Awesome
Presence
Presence is a communication service for Friend. It is based on rooms, allowing many to many text chat and video / audio calls. It integrates closely with ( and is a service of ) Friend, allowing anyone logged into Friend to use it, showing up with their Friend name, with no need to set up an account or remember a password. A pixel avatar is generated for everyones amusement.
Live
Each room functions as a signaling service for webRTC peer to peer video and audio conferencing. This makes it easy to organize a conference as each participant can join and leave as he pleases. If someone get disconnected they can quickly rejoin, and maybe check links posted to chat in the meantime.
In a collaboration environment is is also easy for others in the room too see that things are happening on live and to join in.
Peer to peer connections
webRTC is used for Live connections. It needs to know the IPs of the peers trying to connect ( among other things ). The internet being full of firewalls and other dark things, this would be quite hit-and-miss. This is where STUN/TURN is useful. First STUN servers are used as a 3rd party to discover your 'public' IP. If this fails, the connection can no longer be directly peer to peer, but falls back on a TURN server to relay the stream. This TURN relay can also be used as a service to hide each users IP from each other.
Persistent, or not
All rooms start out in a unnamed state. Chat log in these rooms is not saved, neither are participants. Once everyone has logged off or left, the room will be purged. This is good for one-off live sessions, but if you decide there is value in keeping the room, it can be given a name and current chat log and users will be persisted.
Guests
Invites can be generated and either sent directly to another person through one of the other Friend Chat modules, or shared as a clickable link. These can be single-use or public. The public ones can be used by any number of people until it is canceled through the interface or the room empties and is removed from server memory.
Immediate response
Persistent connections are used to ensure all events are promptly delivered. Both vanilla TCP and websockets are used, depending on client needs. For mobile users, these connections are seamlessly reestablished when switching networks, ie wifi -> mobile data.
Installing and configuration
Presence installer is called by the Friend Chat installer. It will collect some info, and configure Friend Core, Friend Chat and Presence accordingly. Not everything is handled by the install script ( becuase its old and needs to be rewritten in not-bash ).
To run the Friend Chat installer, go to the friendchat folder you cloned from GIT
and run ./install.sh
After install process, a few things need to be set manually. Only edit config.js
in
install folder. If a value is not found in config.js it falls back to example.config.js
for a default value.
For presence to talk to FriendCore, it must establish a connection and indentify itself.
In FriendCore cfg.ini, there must be a header [SerivceKeys]
with a key/value pair
presence = <your secret key>
. This must also be added to Presence config.js under
server -> friendcore
as serviceKey : '<your secret key>'
. The secret key can be any string.
Streaming / Janus
As the number of participants in a Live call increases the resource use ( encoding / upload bandwidth ) of a peer-to-peer mesh becomes prohibitive. To solve this we use a central webRTC bridge that receives a stream from one peer and distrbutes it the other participants. We use Janus for this.
To install Janus, go into the Janus folder in the Presence install folder. Here there is a readme with probably useful info and an install script. The readme contains solutions to known issues enconuntered when bulding Janus. It also has configuration specifics.
For the time being, each streaming room requires static configuration in Janus config, check janus readme.
To set up a room for streaming, a streaming workgroup must be specified and assigned to a room.

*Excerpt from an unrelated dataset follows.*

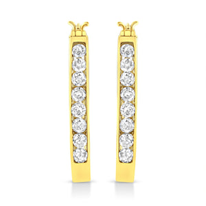 14k Yellow Gold Plated .925 Sterling Silver 1.0 Cttw Channel Set Brilliant Round Cut Diamond Hoop Earrings (J-K Color, I2-I3 Clarity)

This is currently done with a Friend setting:
- open Server app
- Add item,
type: 'presence'
,key: 'systemsettings'
- Edit the added item and add property,
key: 'stream_groups', value: '<name of workgroup>'
Next time someone logs into presence this setting will be read. Assigning this workgroup to a room will now cause any live session to be in a streaming mode. Any participant who is not in the specified workgroup can only watch. Users assigned to the streaming workgroup who join the live session will be set as the streamer/source and their audio/video distributed to all participants over Janus. Only the first member of the streaming workgroup to join will be set as streamer.

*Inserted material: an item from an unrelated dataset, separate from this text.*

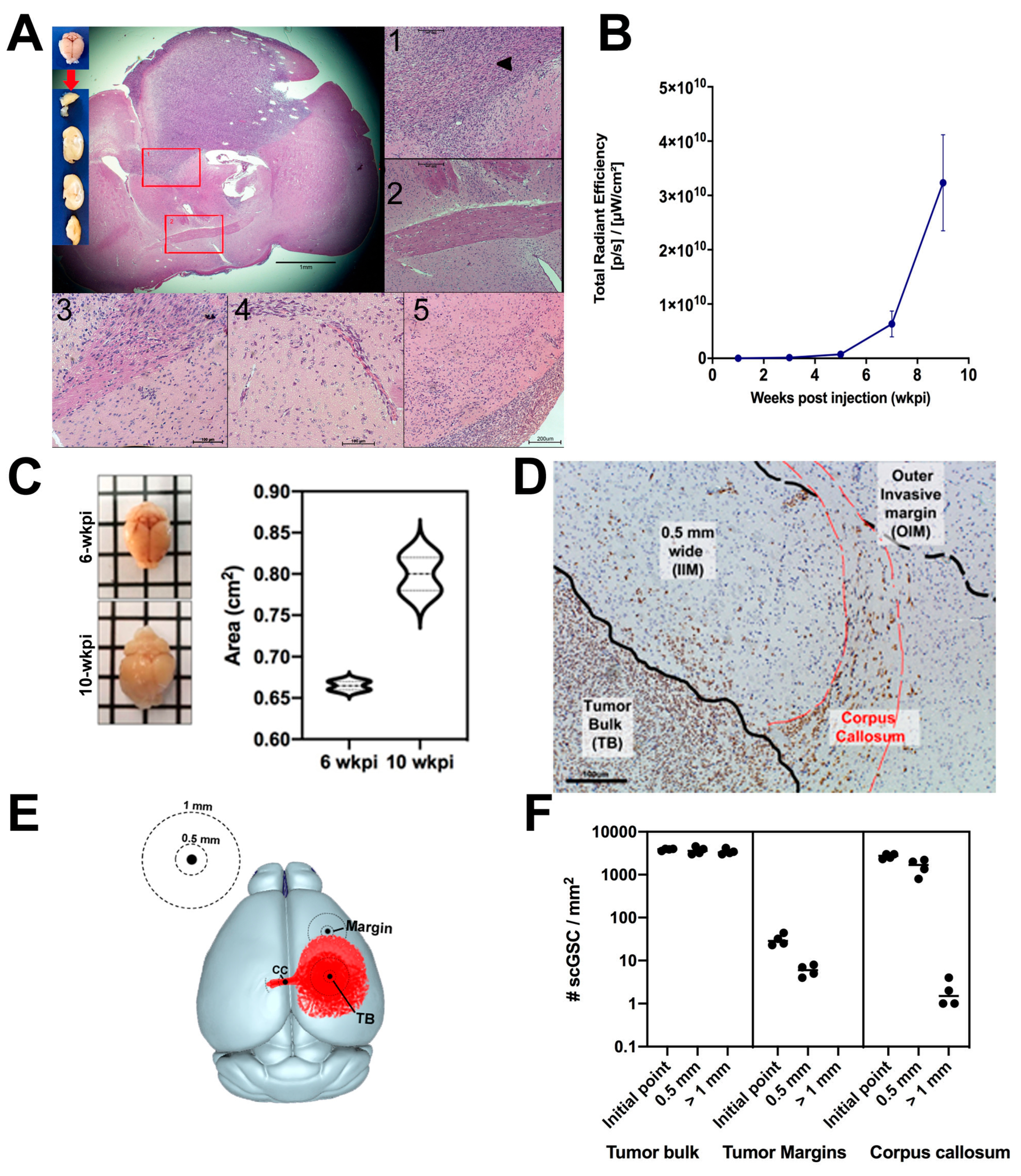 3.1. Establishment and Characterization of an Invasive GBM Mouse Model

Recording can be enabled in janus static room config.
Running the Presence server
Presence can run as a service if this option was chosen during installation, or the provided auto restart script can be used.
As a service: sudo service presence-server start
By script from Presence install folder: nohup sh phoenix_presence.sh &
Running the update.sh script from the git folder will also attempt to (re)start presence as a service, unless some additional argument is passed.
When running on the restart script, logs will be written to error.log and restart.log in the Presence install folder.